I did manage to paint the smaller parts in there though.








Yes, it does look a bit cloudy in there as I had just finished spraying and the fan isn't man enough, must get a better one. another thing to put on the TUIT list.


----------



## mailee (Nov 11, 2005)

I spent today polishing up the unit and I left the two shelves in a glue up.








I will have to get some bubble wrap next to make sure it doesn't get damaged in transit. :no:


----------



## mailee (Nov 11, 2005)

This morning I got the unit fitted. I am happy to say it went in with very little 'adjustment'.  It was good fun trying to align all the biscuits and get the clamps on before the glue dried. :roll: After a couple of hours it was in place and my customer was very happy with it indeed.  
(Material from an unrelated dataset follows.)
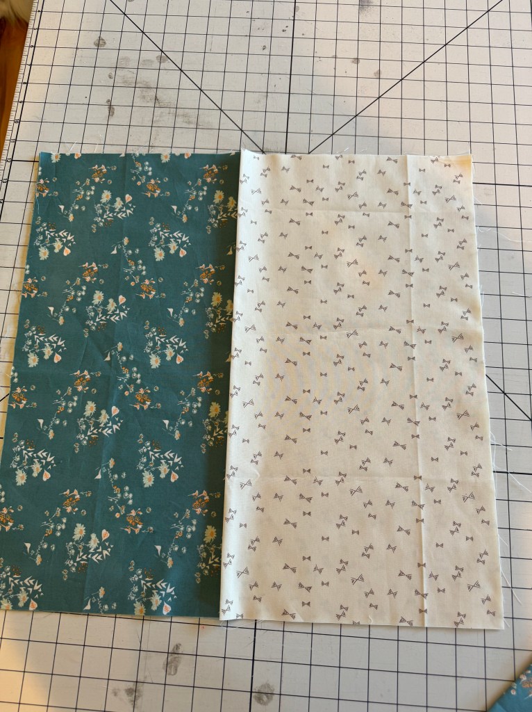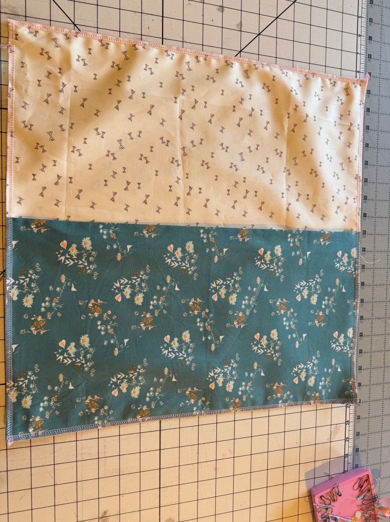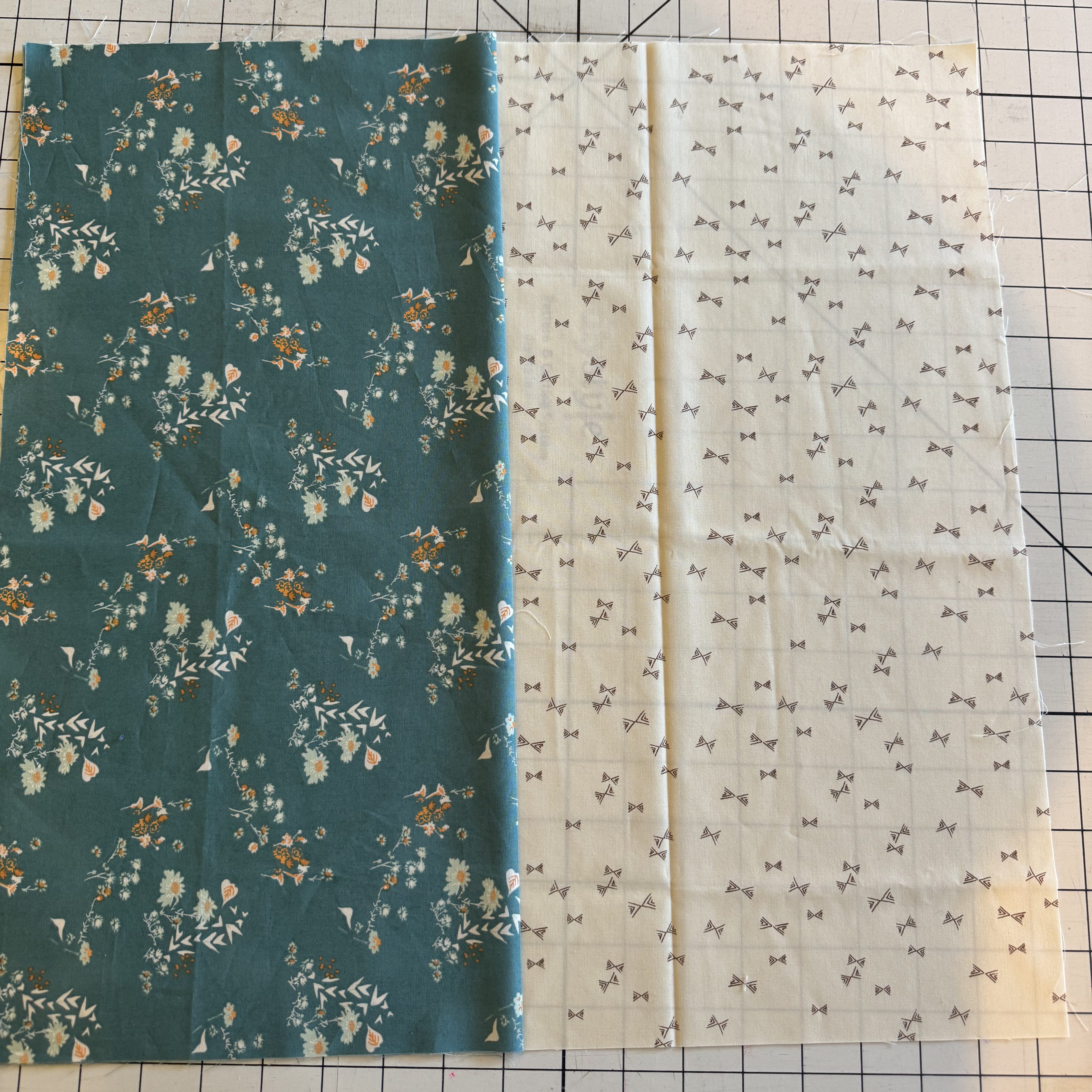 3. Layer the folded and fused Piece (C) on top of Piece (A), matching Piece (C)‘s raw edges to the bottom of Piece (A). Ensure folded edge is in the center. Right sides will be together because it is folded in half.

I have arranged to return to take some photos of it fully furnished later next week.


----------



## jw2170 (Jan 24, 2008)

I can see why you are kept busy, Alan...

Another satisfied customer...


----------



## Marco (Feb 21, 2009)

Looks great the high gloss white really stands out..... any painting tips on painting MDF?


----------



## mailee (Nov 11, 2005)

Thanks guys. Well Jim it is spray painted using a 2 pack AC system. I sand the edges down well with 320 grit and then give them two coats of primer, I also give one side two coats. Once the primer is dry and hard i turn it over and again give two coats also coating the edges. (In effect the edges have had four coats) I then sand it all down with 400 grit and apply two top coats using the same method. once it is dry and hard i wet sand it with 1500 grit and then polish with a rubbing compound for the high gloss finish. HTH.


----------



## Marco (Feb 21, 2009)

I would imagine that the photos don't do it justice.... The process is well worth the results


----------



## GulfcoastGuy (Feb 27, 2012)

I'm waiting to see it with the equipment installed. Nice work.

GCG


----------